══ DATA EXTRACT ══
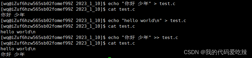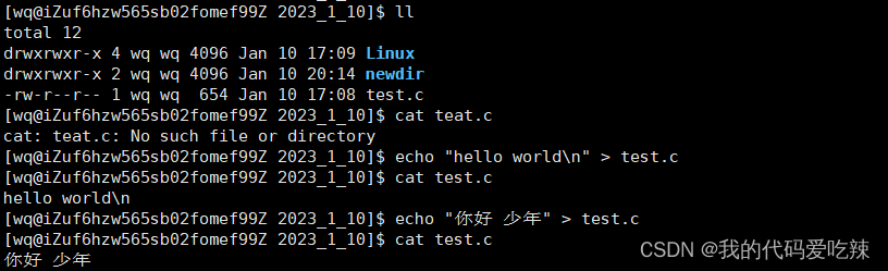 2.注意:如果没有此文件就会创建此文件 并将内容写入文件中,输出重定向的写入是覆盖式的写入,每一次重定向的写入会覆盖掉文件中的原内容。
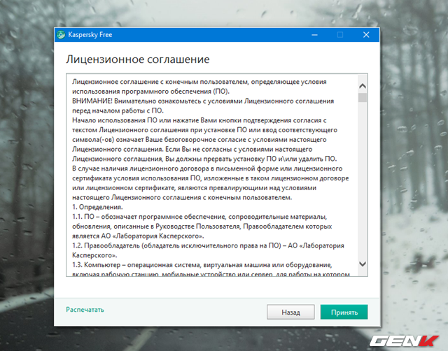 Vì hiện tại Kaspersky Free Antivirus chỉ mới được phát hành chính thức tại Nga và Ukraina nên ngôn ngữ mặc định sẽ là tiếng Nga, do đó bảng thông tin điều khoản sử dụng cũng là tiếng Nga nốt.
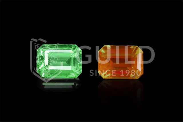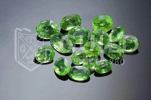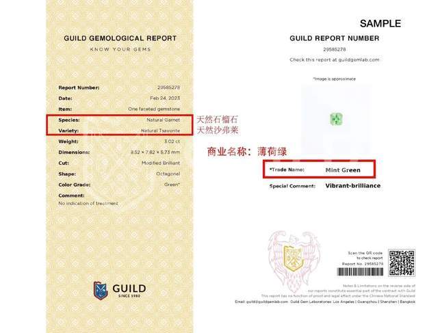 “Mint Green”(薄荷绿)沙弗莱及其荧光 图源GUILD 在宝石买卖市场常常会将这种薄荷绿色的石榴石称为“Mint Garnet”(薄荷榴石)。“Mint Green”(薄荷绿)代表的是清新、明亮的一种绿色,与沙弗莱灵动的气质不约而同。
═══
▶ _EXERCISE REQUIREMENTS_
Your job is to reproduce the material exactly. Keep pictures out of it.

▶ _WRITTEN ANSWER_
 2.注意:如果没有此文件就会创建此文件 并将内容写入文件中,输出重定向的写入是覆盖式的写入,每一次重定向的写入会覆盖掉文件中的原内容。
 Vì hiện tại Kaspersky Free Antivirus chỉ mới được phát hành chính thức tại Nga và Ukraina nên ngôn ngữ mặc định sẽ là tiếng Nga, do đó bảng thông tin điều khoản sử dụng cũng là tiếng Nga nốt.
 “Mint Green”(薄荷绿)沙弗莱及其荧光 图源GUILD 在宝石买卖市场常常会将这种薄荷绿色的石榴石称为“Mint Garnet”(薄荷榴石)。“Mint Green”(薄荷绿)代表的是清新、明亮的一种绿色,与沙弗莱灵动的气质不约而同。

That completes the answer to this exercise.